__Record extracts__
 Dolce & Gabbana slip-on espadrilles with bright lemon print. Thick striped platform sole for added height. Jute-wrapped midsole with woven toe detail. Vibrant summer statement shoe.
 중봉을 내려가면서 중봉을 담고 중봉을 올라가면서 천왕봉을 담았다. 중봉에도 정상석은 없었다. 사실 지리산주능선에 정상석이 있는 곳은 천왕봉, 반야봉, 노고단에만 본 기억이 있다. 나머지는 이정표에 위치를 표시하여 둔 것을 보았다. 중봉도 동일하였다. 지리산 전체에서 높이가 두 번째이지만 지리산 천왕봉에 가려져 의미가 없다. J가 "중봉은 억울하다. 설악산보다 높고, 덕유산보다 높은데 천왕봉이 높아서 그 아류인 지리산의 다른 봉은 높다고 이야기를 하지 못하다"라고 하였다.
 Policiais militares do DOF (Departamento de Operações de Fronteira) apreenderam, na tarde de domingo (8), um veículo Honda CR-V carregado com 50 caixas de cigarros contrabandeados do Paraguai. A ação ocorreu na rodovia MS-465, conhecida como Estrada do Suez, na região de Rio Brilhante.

--

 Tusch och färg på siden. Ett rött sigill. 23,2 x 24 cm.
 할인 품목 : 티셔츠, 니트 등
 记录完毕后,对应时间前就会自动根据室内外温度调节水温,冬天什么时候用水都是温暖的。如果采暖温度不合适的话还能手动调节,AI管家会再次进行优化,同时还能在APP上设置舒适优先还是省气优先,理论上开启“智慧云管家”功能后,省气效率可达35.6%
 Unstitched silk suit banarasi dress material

__Directions__
Your task for the entries above: copy exactly the span starting with the line with "Dolce & Gabbana" and going on through the line with "Policiais militares do", both lines included, and nothing else.

__Written answer__
 Dolce & Gabbana slip-on espadrilles with bright lemon print. Thick striped platform sole for added height. Jute-wrapped midsole with woven toe detail. Vibrant summer statement shoe.
 중봉을 내려가면서 중봉을 담고 중봉을 올라가면서 천왕봉을 담았다. 중봉에도 정상석은 없었다. 사실 지리산주능선에 정상석이 있는 곳은 천왕봉, 반야봉, 노고단에만 본 기억이 있다. 나머지는 이정표에 위치를 표시하여 둔 것을 보았다. 중봉도 동일하였다. 지리산 전체에서 높이가 두 번째이지만 지리산 천왕봉에 가려져 의미가 없다. J가 "중봉은 억울하다. 설악산보다 높고, 덕유산보다 높은데 천왕봉이 높아서 그 아류인 지리산의 다른 봉은 높다고 이야기를 하지 못하다"라고 하였다.
 Policiais militares do DOF (Departamento de Operações de Fronteira) apreenderam, na tarde de domingo (8), um veículo Honda CR-V carregado com 50 caixas de cigarros contrabandeados do Paraguai. A ação ocorreu na rodovia MS-465, conhecida como Estrada do Suez, na região de Rio Brilhante.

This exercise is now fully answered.